Fradeck pointed out that the Constitution says that the Senate’s impeachment case includes removal and “disqualification from holding and enjoying any honorary, trust, or profitable position in the United States”.

Fradeck wrote: “The latter is the key, because it drives the Senate to make two decisions in the impeachment case: First, it must decide whether to remove an officer.” “Then, it must decide whether or not. This person should be disqualified for future federal posts. Indeed, the Senate once voted to remove eight officials, and then voted to veto the qualifications of three of them-strengthening the removal and disqualification are separate questions.”

In his statement regarding the upcoming trial, McConnell did not imply that he believed it would violate the Constitution or that he would make any effort to stop the trial based on these reasons. Despite this, Republicans, including McConnell, may eventually be affected by the controversy and may point out that Trump’s status as the former president is a reason for not voting.

In a memo obtained by CNN, a timetable for impeachment was proposed, and McConnell did not question whether a trial should be held. But he did raise a question for which there is no clear answer: whether Chief Justice John Roberts will preside over the meeting as he did in the first impeachment trial of Trump.

McConnell wrote: “When the Senate tries the current president, the Constitution requires the Chief Justice to preside over the trial. The Senate’s impeachment rules require the Senate to invite the Chief Justice to attend the Senate and preside over the trial.” “Usually, the invitation will be on January 19th. Issued. However, it is unclear whether the Chief Justice will preside over the trial after Trump ceases to be president on January 20.”

Trump believes the primary election in the eyes of the Republican Party will weaken Republican Party support

Even if Republican Party support for Trump begins to deteriorate, many Republicans will have to worry about domestic political consequences. A Republican source said that an internal poll since Election Day showed that Trump has slipped more than double digits among Republican voters across the country.

Nonetheless, Trump’s supporters are destined to become a force in the Republican primary elections-their way of voting on convictions may set the tone for the election cycle.

For Senate Republicans, when they must defend 20 seats and Democrats must defend 14 seats, the situation is full of challenges. Senate Republican Senator Tatsu who finds Trump guilty can easily face a major challenger supported by Trump. Before the riot broke out, Trump had asked for a major challenge to John Thun of South Dakota, the second Republican in the Senate, because he said the president’s efforts to overthrow the election would fail.

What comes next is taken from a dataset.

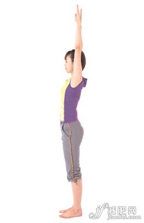3、恢復(fù)腳趾撐地蹲的姿勢后,腳掌完全著地,身體向上拉起,大腿與小腿伸展開,全身站直,并且雙臂往上舉高,手掌向前。

When asked if he was worried about the main challenge, Thun said, “You are just striding forward,” leaving the Capitol on the night of the riots. “This is a free country. I suspect that some of our members (including me) will see a lot of such activities in the next few years. You just have to play your role.”

Although Trump has been greatly weakened politically in the influence of the riots he incited, after he resigns, the Republican Party may still have a loyal pro-Trump base. Those who have received close attention during the cycle are Roy Blunt of Missouri, Rob Portman of Ohio and Todd Young of Indiana.

Many people remain silent on how to come down.

“I believe we need to wait and hear the evidence,” said Alabama Senator Shelby, the 86-year-old Republican who can retire instead of running for re-election in 2022. “As a juror, I Evidence that will be carefully considered is presented.”

CNN’s Alex Rogers contributed to this report.